» **Exercise prompt**: Your answer must be only the lines below from the one containing "Площадь квартир:21 — 101 м2" through the one containing "(서울=포커스뉴스) 이재오(오른쪽) 새누리당", copied exactly, with the pictures left out.

» **Source data**:
= = = = = = =

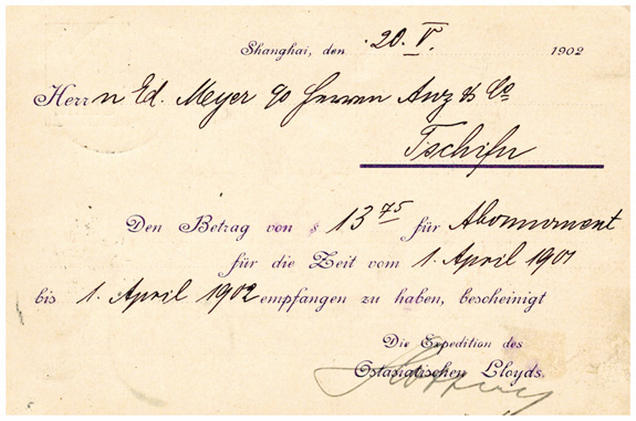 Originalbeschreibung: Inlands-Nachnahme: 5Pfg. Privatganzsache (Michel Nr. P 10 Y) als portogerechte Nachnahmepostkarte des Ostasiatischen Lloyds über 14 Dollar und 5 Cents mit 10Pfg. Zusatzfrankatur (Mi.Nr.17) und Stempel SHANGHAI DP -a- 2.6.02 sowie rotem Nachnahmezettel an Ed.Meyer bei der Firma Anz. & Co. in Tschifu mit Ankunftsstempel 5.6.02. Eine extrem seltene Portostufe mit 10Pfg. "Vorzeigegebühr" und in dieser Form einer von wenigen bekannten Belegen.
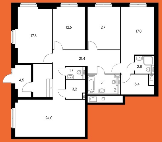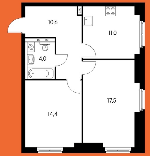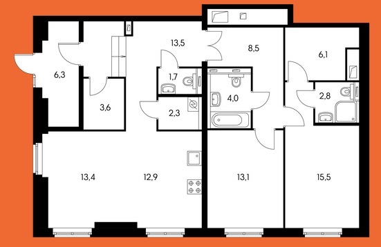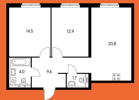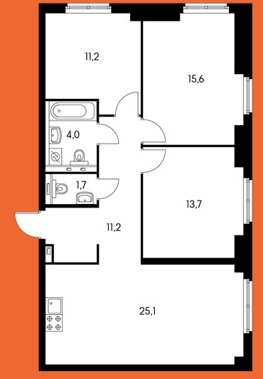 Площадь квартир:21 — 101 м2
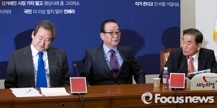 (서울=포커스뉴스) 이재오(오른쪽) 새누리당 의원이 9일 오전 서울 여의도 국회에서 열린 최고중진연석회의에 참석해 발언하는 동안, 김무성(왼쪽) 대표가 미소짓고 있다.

= = = = = = =

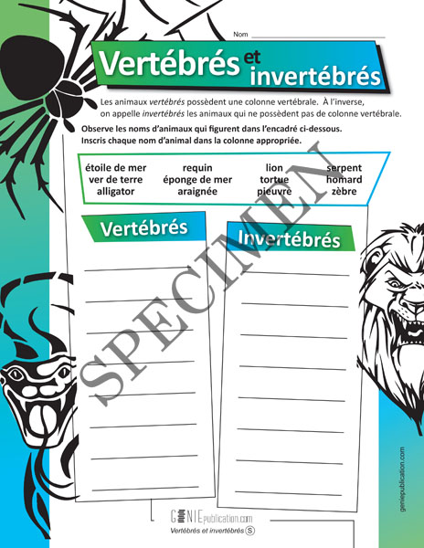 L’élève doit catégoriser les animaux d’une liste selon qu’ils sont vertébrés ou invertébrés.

= = = = = = =

» **Task result**:
 Площадь квартир:21 — 101 м2
 (서울=포커스뉴스) 이재오(오른쪽) 새누리당 의원이 9일 오전 서울 여의도 국회에서 열린 최고중진연석회의에 참석해 발언하는 동안, 김무성(왼쪽) 대표가 미소짓고 있다.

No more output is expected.